With stainless steel rods and fittings, which do not rust, and cedar beams, which do not decay, the bridges will need no paint or chemical preservatives and should last for decades with little maintenance.
The Challenge
Our challenge is to design the bridges for this trail individually, taking into account for each of them the length of its span and the places above it where the rock is sufficiently solid to support the steel anchor plates. All the bridge sites have been surveyed to provide us with this information. As part of our design work, we need to determine the shapes that the rods will take in each situation, and the forces that they must transmit. This will enable us to specify the required lengths and diameters of the rods.
Construction Details
We have given considerable thought to how the bridges will be put together. Figure 1.4 shows details of the major features. The rods are connected to the rock walls of the canyon with stainless steel anchor plates. Each anchor plate is secured with stainless steel bolts that are inserted into holes drilled in the rock and embedded there with grout, a fine-grained, high-strength mixture of sand, portland cement, and chemical admixtures that increase its strength and limit its shrinkage. The grout is poured into the holes in the form of a paste that hardens to unite the bolts securely with the rock. The rods, anchor plate assemblies, and other metallic components are all custom-fabricated for each bridge. We will determine the diameters of the rods in accordance with the amount of force each must carry when the bridge is fully loaded.

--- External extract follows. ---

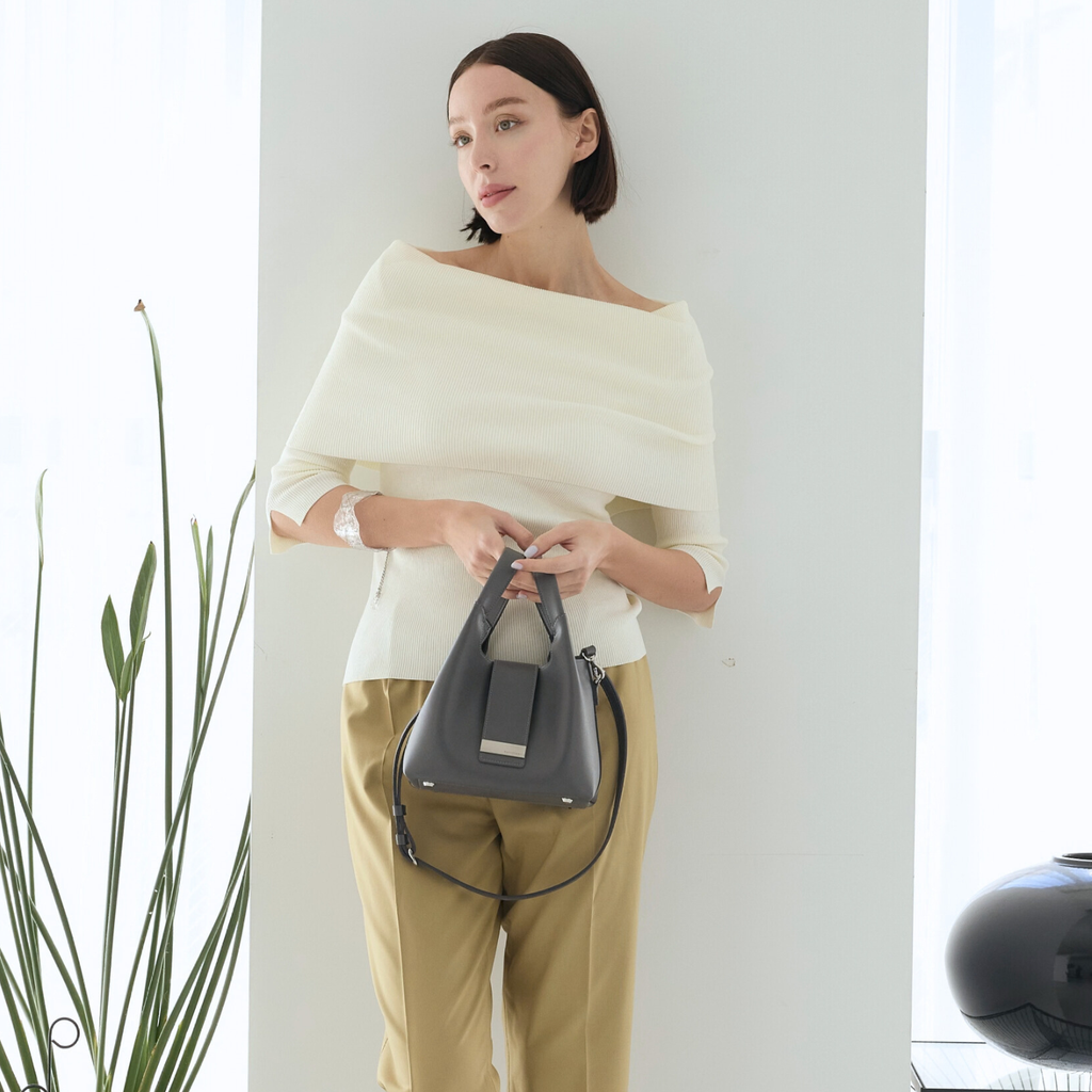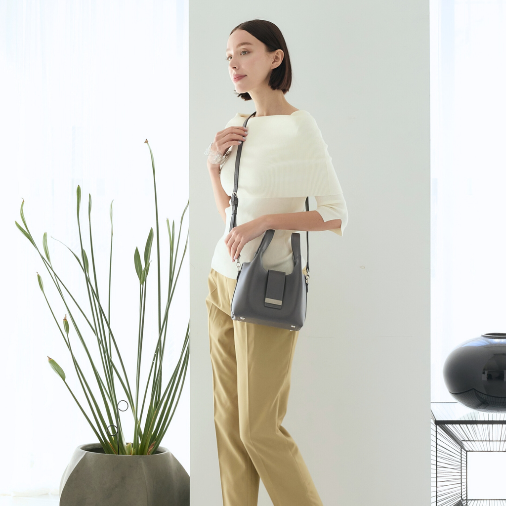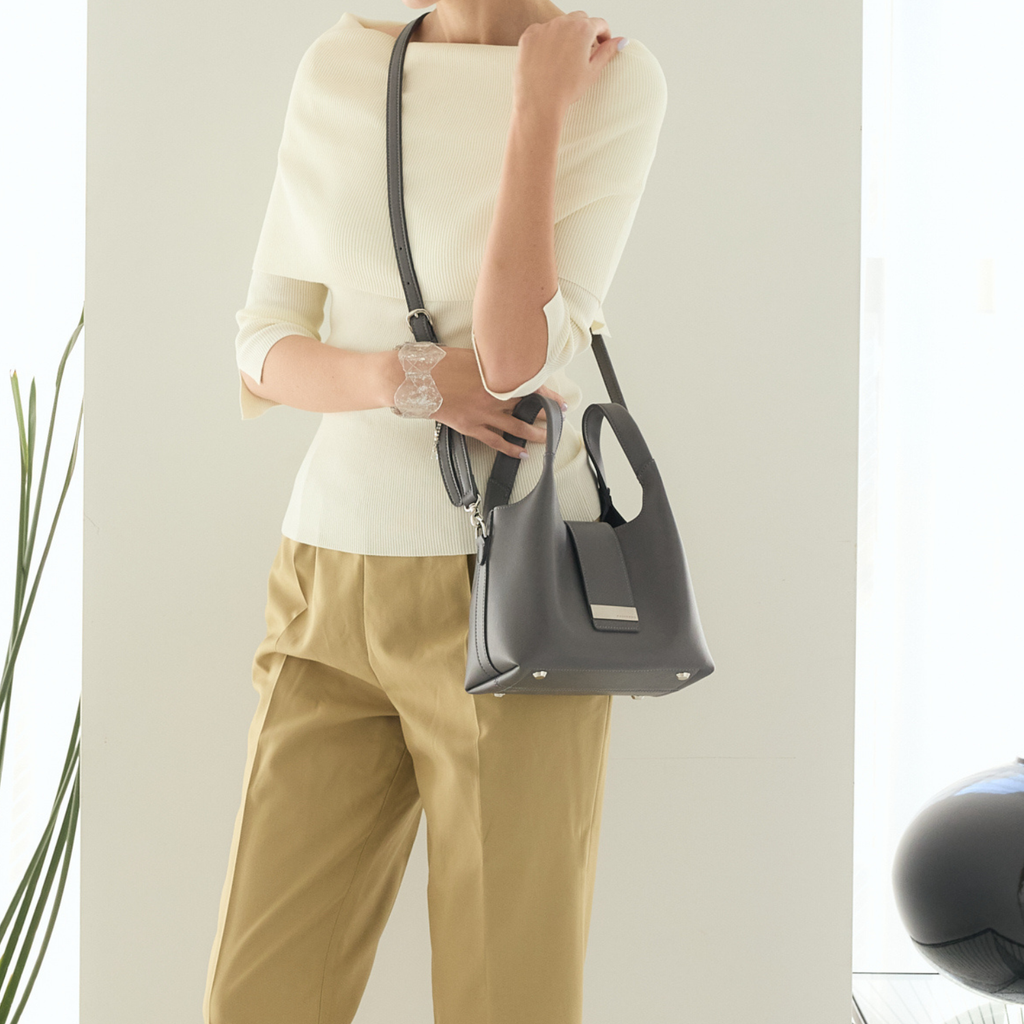まるみのあるバッグがコーディネートの印象をよりエレガントに。

Figure 1.4 Typical details of the suspension bridge construction system.
The fabricator of the steel rods will prepare them to the exact lengths needed for each bridge. A jaw fitting (also called a fork or clevis) will be used wherever a rod joins a plate. Where a rod supports a wood beam, it will pass vertically through a hole drilled in the beam and a matching hole in a stainless steel plate 3/8 in. thick on the bottom of the beam (Figure 1.4). A circular washer and stainless steel jam nut transmit the force in the rod securely to the plate. The plate spreads this force over a large enough area of wood that the wood is not crushed. The jam nut is designed to develop a high degree of friction against the threaded rod so that it will not unscrew accidentally. The screw threads and nuts allow for easy assembly and fine-scale adjustment of the vertical positions of the beams, as well as easy disassembly when needed.
Where a vertical rod from a beam meets the sloping rods from the rock anchors, we will attach the rods with forks to a circular steel plate connector, as shown in Figure 1.4. A jaw fitting at the bottom of the plate will transfer force from the vertical rod to the plate, and the plate will pass this same force to the sloping rods and thence to the anc...